> **SUPPLIED DATA**:
---

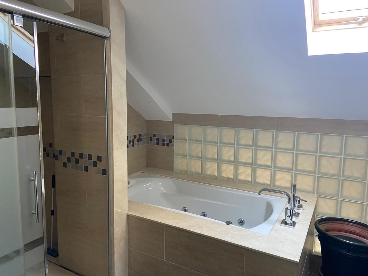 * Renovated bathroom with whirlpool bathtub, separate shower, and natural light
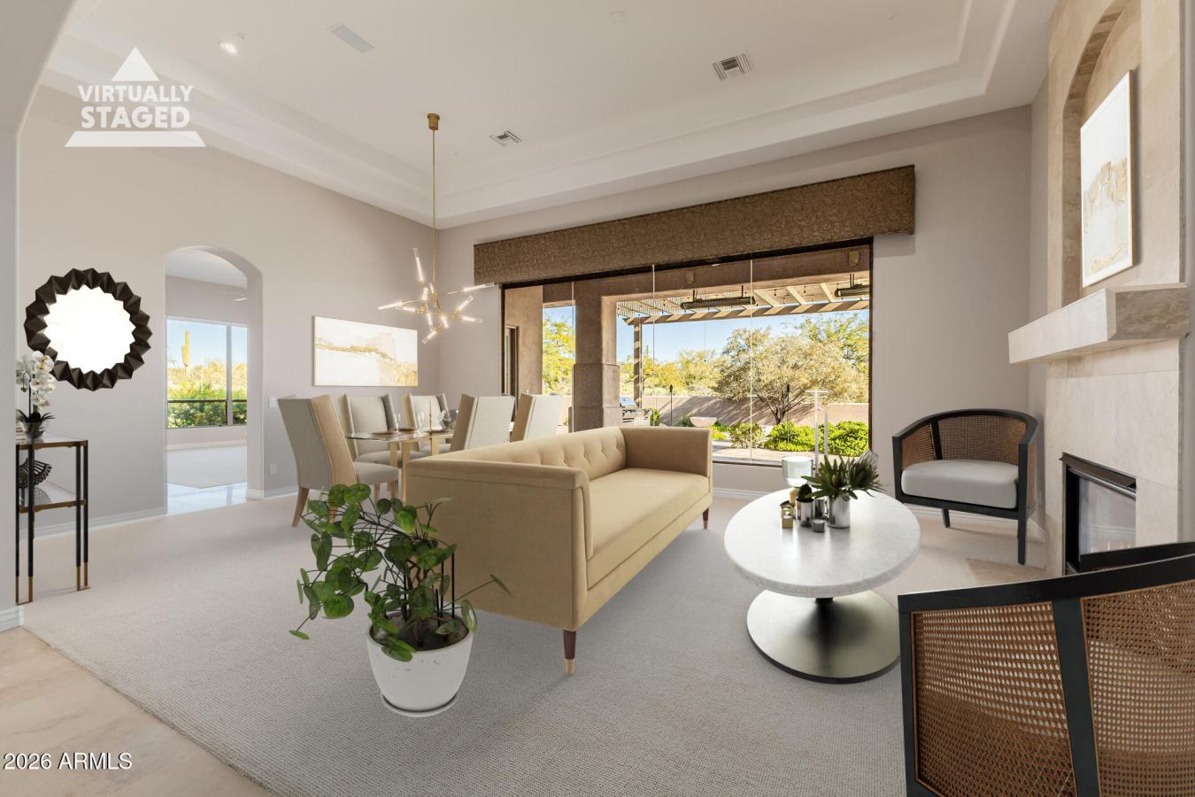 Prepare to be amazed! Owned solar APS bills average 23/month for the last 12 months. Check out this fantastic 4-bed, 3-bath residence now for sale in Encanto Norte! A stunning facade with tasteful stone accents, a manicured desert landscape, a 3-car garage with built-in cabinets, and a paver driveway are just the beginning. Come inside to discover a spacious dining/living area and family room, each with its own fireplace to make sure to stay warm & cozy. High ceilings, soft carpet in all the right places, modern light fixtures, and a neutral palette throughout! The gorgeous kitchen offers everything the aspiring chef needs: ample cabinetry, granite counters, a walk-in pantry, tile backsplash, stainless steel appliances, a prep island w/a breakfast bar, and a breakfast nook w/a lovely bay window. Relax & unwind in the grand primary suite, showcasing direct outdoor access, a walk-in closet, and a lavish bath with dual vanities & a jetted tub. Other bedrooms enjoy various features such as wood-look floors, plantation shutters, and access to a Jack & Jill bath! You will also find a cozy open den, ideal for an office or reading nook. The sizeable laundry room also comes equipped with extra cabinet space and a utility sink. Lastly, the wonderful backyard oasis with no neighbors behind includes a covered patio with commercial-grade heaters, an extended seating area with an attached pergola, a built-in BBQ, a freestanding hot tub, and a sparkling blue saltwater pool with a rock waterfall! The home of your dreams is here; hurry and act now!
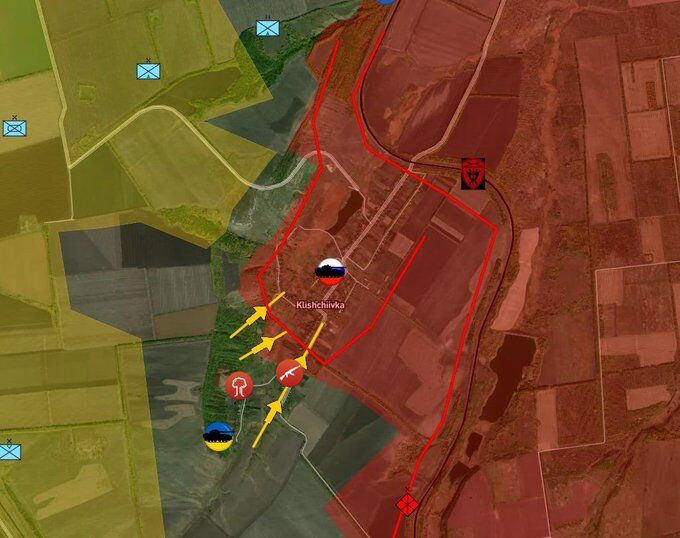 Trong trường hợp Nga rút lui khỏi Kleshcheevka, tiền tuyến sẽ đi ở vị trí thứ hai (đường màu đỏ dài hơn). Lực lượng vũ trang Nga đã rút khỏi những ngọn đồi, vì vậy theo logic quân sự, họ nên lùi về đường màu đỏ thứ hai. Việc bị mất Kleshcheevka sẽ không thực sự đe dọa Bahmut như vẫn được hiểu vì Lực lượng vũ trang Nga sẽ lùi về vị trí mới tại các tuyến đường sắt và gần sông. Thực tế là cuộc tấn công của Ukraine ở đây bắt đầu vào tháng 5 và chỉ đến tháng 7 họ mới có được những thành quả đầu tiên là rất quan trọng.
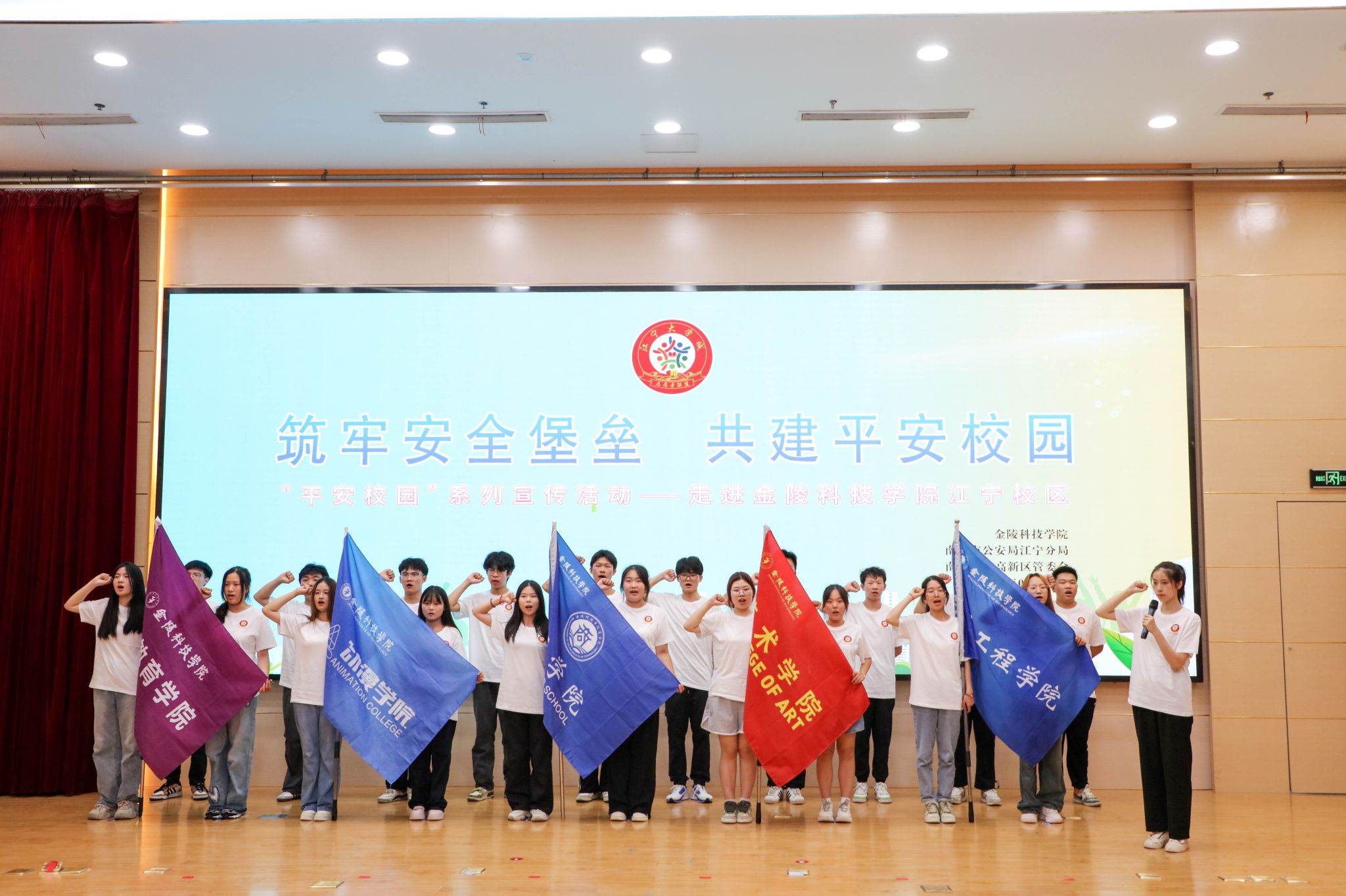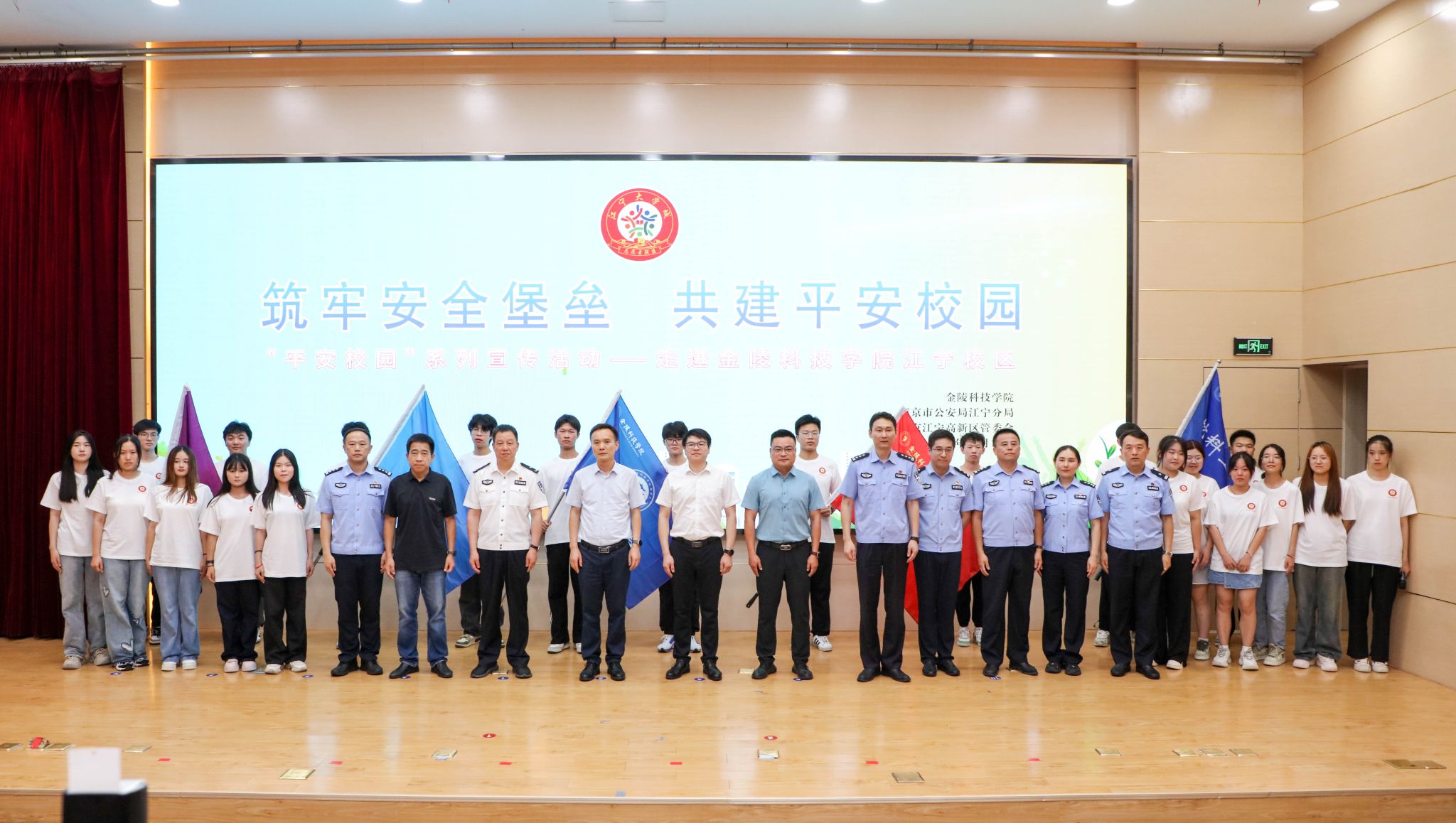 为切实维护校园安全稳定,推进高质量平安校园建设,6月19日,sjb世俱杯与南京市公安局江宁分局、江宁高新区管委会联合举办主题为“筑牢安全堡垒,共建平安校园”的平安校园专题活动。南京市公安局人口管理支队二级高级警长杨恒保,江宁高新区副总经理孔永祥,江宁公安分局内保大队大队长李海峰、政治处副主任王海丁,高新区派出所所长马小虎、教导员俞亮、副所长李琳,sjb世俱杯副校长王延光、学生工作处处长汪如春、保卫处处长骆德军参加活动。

---

Skip every picture and return the lines above from the top through the one that contains "Prepare to be".

 * Renovated bathroom with whirlpool bathtub, separate shower, and natural light
 Prepare to be amazed! Owned solar APS bills average 23/month for the last 12 months. Check out this fantastic 4-bed, 3-bath residence now for sale in Encanto Norte! A stunning facade with tasteful stone accents, a manicured desert landscape, a 3-car garage with built-in cabinets, and a paver driveway are just the beginning. Come inside to discover a spacious dining/living area and family room, each with its own fireplace to make sure to stay warm & cozy. High ceilings, soft carpet in all the right places, modern light fixtures, and a neutral palette throughout! The gorgeous kitchen offers everything the aspiring chef needs: ample cabinetry, granite counters, a walk-in pantry, tile backsplash, stainless steel appliances, a prep island w/a breakfast bar, and a breakfast nook w/a lovely bay window. Relax & unwind in the grand primary suite, showcasing direct outdoor access, a walk-in closet, and a lavish bath with dual vanities & a jetted tub. Other bedrooms enjoy various features such as wood-look floors, plantation shutters, and access to a Jack & Jill bath! You will also find a cozy open den, ideal for an office or reading nook. The sizeable laundry room also comes equipped with extra cabinet space and a utility sink. Lastly, the wonderful backyard oasis with no neighbors behind includes a covered patio with commercial-grade heaters, an extended seating area with an attached pergola, a built-in BBQ, a freestanding hot tub, and a sparkling blue saltwater pool with a rock waterfall! The home of your dreams is here; hurry and act now!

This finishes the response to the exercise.